JoHarrington on 10/08/2012


So if a court of law decides that those parallels really do constitute real world wealth, then the implications become immense. Say that I put eight years into building up my game avatar, then the game company locked me out of my account. I could sue the company.

Or a court decides that yes, if the time and effort has been put in, then that avatar and its game bank has to belong to the player. Suddenly you have a real world source of wealth. You can sell that character on eBay.

The dominoes start falling big-time then. Highly desirable characters could fetch a high price (because the buyer doesn't have to put years of work into it). You're getting the gaming equivalent of selling diamonds. People get beaten up or bumped off for less.

Sweat shops have already been established to produce materials and currency in-game, now you're going to have the same for building up characters. That already happens, but underground and on the black market. Those caught are immediately banned. This would allow it to happen wholesale and those purchasing characters would be covered by consumer rights. Watch the sweat shop explosion happen in the next breath.

It's a real minefield, which isn't just about gamers trying to impose confusion onto simple bullying. But it's also looking increasingly like this is where the future is heading.

JoHarrington on 10/08/2012

You are describing the situation as it currently is; and every gaming company in the world is fervently praying that it says that way.

Treat the assault as a separate issue. That is against the law and long should that remain the case. The assailants were prosecuted for it and justice was done. The young boy should never have been threatened with a knife for whatever reason. That behavior is unacceptable.

Now for the thorny issue. Say that you do an hour's work and you earn £10. That £10 goes into your bank. You have the right to spend your £10 on whatever you wish.

In Runescape, much of the wealth comes from working. It might be an hour of clicking a mouse, but us writers earn from an hour of clicking a keyboard and it's only a few inches away.

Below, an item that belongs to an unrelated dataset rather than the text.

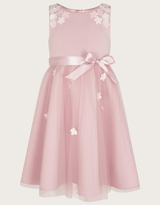For the mini partygoers: our Layla dress was made for special events. Designed in pink tulle, it's adorned with 3D flowers through the skirt and sleeveless bodice, whilst the waist brings in definition with a glossy tied bow. Style one of our children's cardigans over the top when the afternoon chill comes in. Pink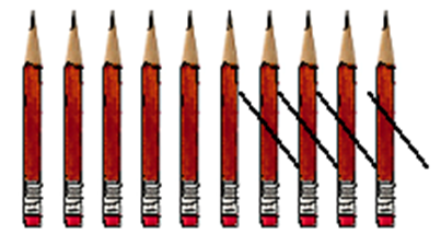 From the above picture there are 10 no.s Pencils, from there 4 no.s Pencils are taken away, say 10 – 4 = 6, so the remaining number of Pencils are 6 no.s.

After that hour, the player has earned 10gp (it would be more, but I'm keeping it simple). It goes into his or her Runescape bank. The player has the right to spend that 10gp on whatever they wish.

The only difference so far is pixels. You could go and buy a loaf of bread to keep yourself alive in real life. The RS player can go and buy a loaf of bread to keep themselves alive in a boss fight.

While no-one is ever going to argue that RS money is more important than real life money, when it comes to human survival, the parallels are there. If someone robbed you of your £10, you would feel understandably upset. You worked for it and you earned it. If someone robbed the player of his/her 10gp, then it's the same emotions, same time-scales involved.

1 of 2 comments (I waffled too much!)

Sheri_Oz on 10/08/2012

Sorry for being such a dunce, but I don't see the connection with theft here. The only place the "goods" stolen have value is within the computer game. I still don't see any need in this case to go to "virtual theft". The crime was assault in real life.
Now, if someone stole money from a bank account - assaulting someone in London who has a bank account in NYC and forces that person to transfer money "virtually" and therefore "in fact" (because real money has value outside the computer) to their account in Paris, then international laws become complex. Still the assault would be charged in the country in which it happened and the theft - well?
The game issue seems bullying and assault pure and simple. Is that not enough? By adding the "virtual theft", are we not reifying something that is not real and blurring the boundaries between real and not-real for kids who are already confused? What am I missing?

JoHarrington on 10/08/2012

It's only a matter of time before gaming laws become the new legal frontier. There's already a lot of interest and several precedent court cases on the verge of happening.